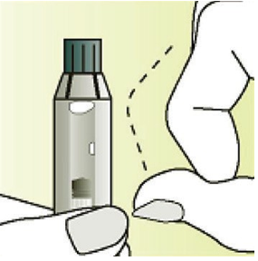 Ta nå sprøyten mellom peke- og langfinger mens den peker oppover
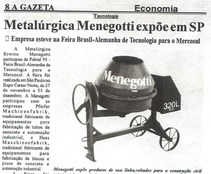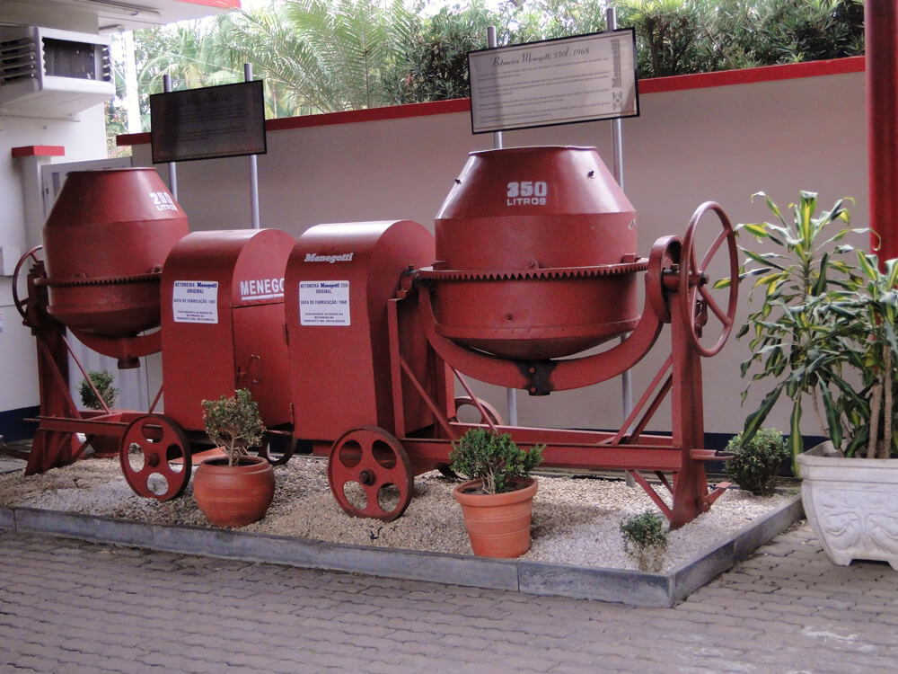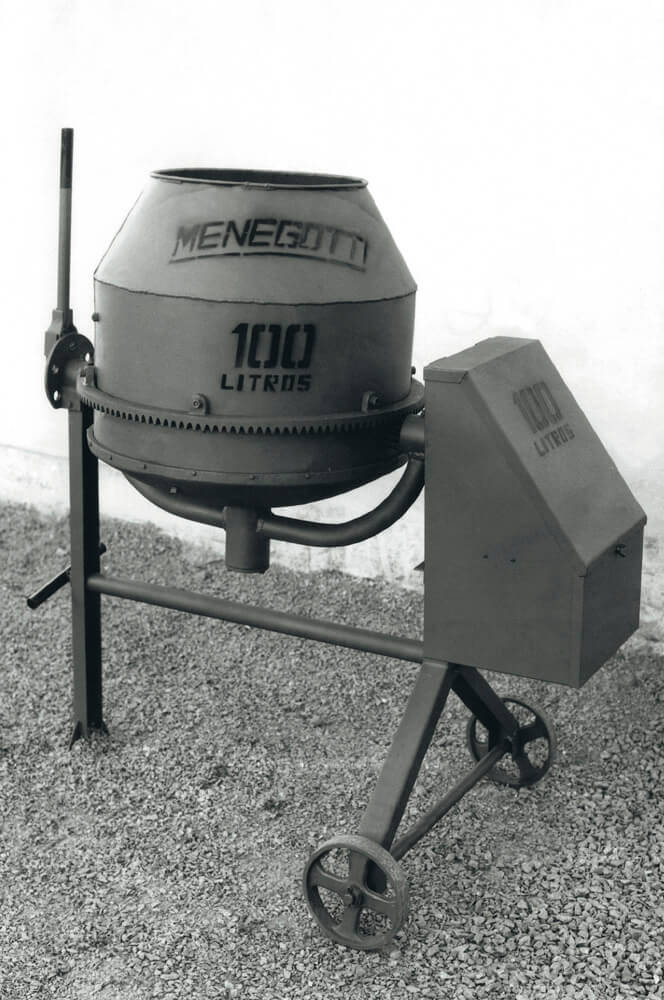 Começando com a produção de machados e ferraduras para cavalo, evoluiu para a primeira betoneira Menegotti.
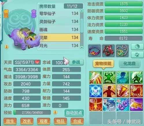 装备的话,有法爆、烽火,缺少愤怒腰带,感觉这很套路,有慈航,有起死,衣服还没易成长,换好的话灵力又会有所提升,不过这件强壮也是很好,很难抉择。
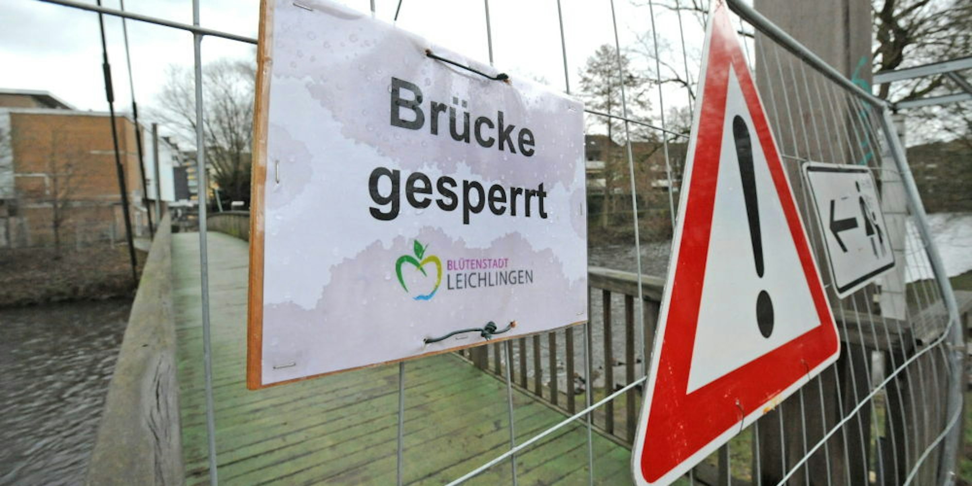 Seit Oktober 2019 ist die Fußgängerbrücke zwischen dem Leichlinger Rathaus und dem Marktplatz gesperrt, weil die Pylone, an denen der Übergang aufgehängt ist, unten morsch sind. Anfangs war von nur einigen Tagen Sperrung die Rede. Die Hoffnung auf eine rasche Instandsetzung zerstob aber schon bald, weil sich die Sanierung als teuer und kompliziert herausstellte.
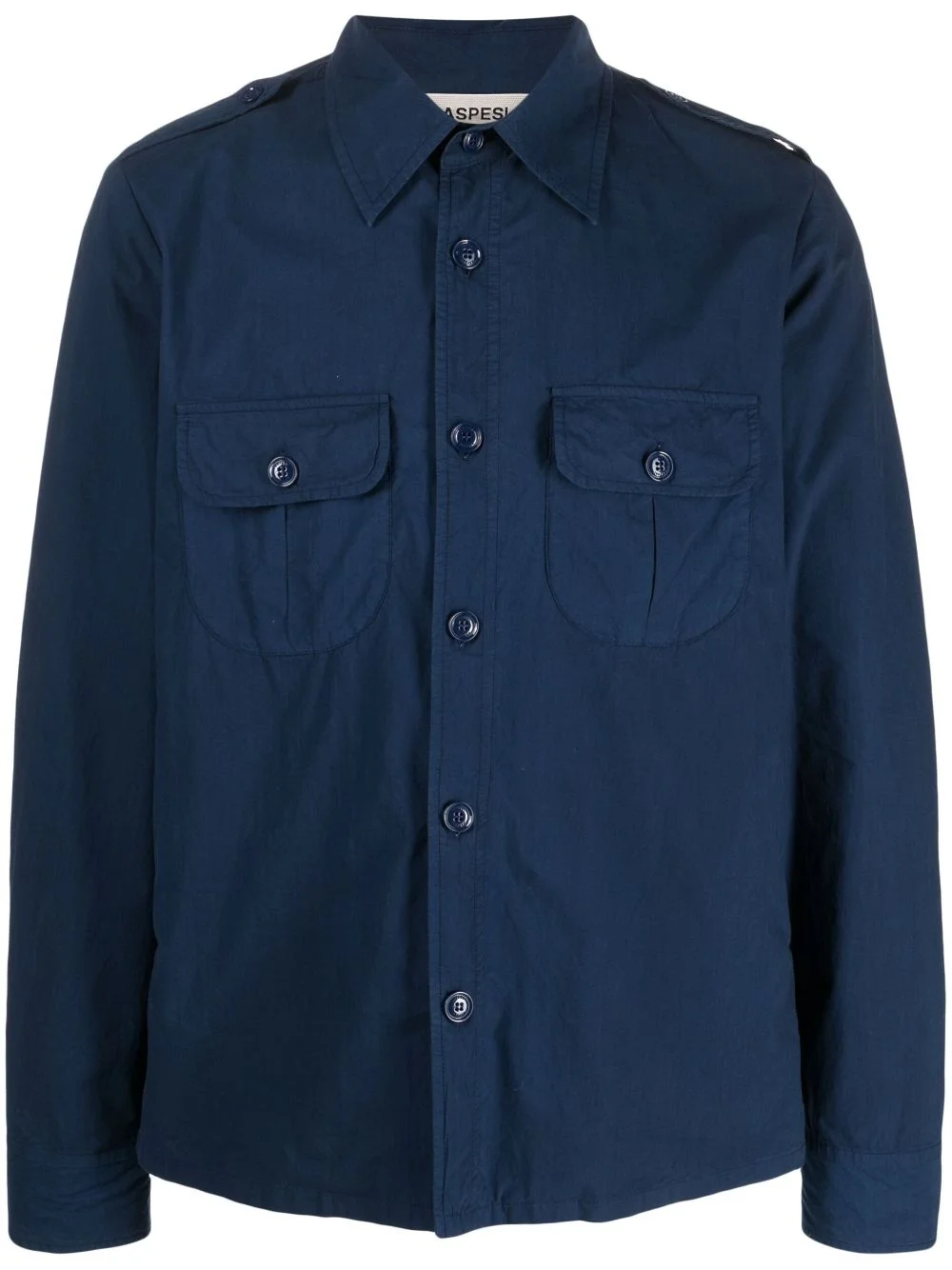 long-sleeve cotton shirt Highlights - Prussian blue - Cotton - Pointed flat collar - Front button fastening - Two button-fastening chest pockets - Long sleeves - Buttoned-cuff sleeves - Straight hem Imported Composition Cotton 100% SIZE & FIT Model measurements Height 6 ft 0 in(1.84 m) Bust/Chest 35.82 in(91 cm) Hips 37 in(94 cm) Waist 28.34 in(72 cm) FittingInformation Designed to be unstructured, offering a loose fit throughout Made from a midweight non-stretch fabric This piece fits true to size – take your usual size

◆ **Exercise brief**: Every line from the top of the entries through the line that holds "装备的话,有法爆、烽火,缺少" is to be quoted exactly, please, and nothing else; omit the pictures.

◆ **Reply to the task**:
 Ta nå sprøyten mellom peke- og langfinger mens den peker oppover
 Começando com a produção de machados e ferraduras para cavalo, evoluiu para a primeira betoneira Menegotti.
 装备的话,有法爆、烽火,缺少愤怒腰带,感觉这很套路,有慈航,有起死,衣服还没易成长,换好的话灵力又会有所提升,不过这件强壮也是很好,很难抉择。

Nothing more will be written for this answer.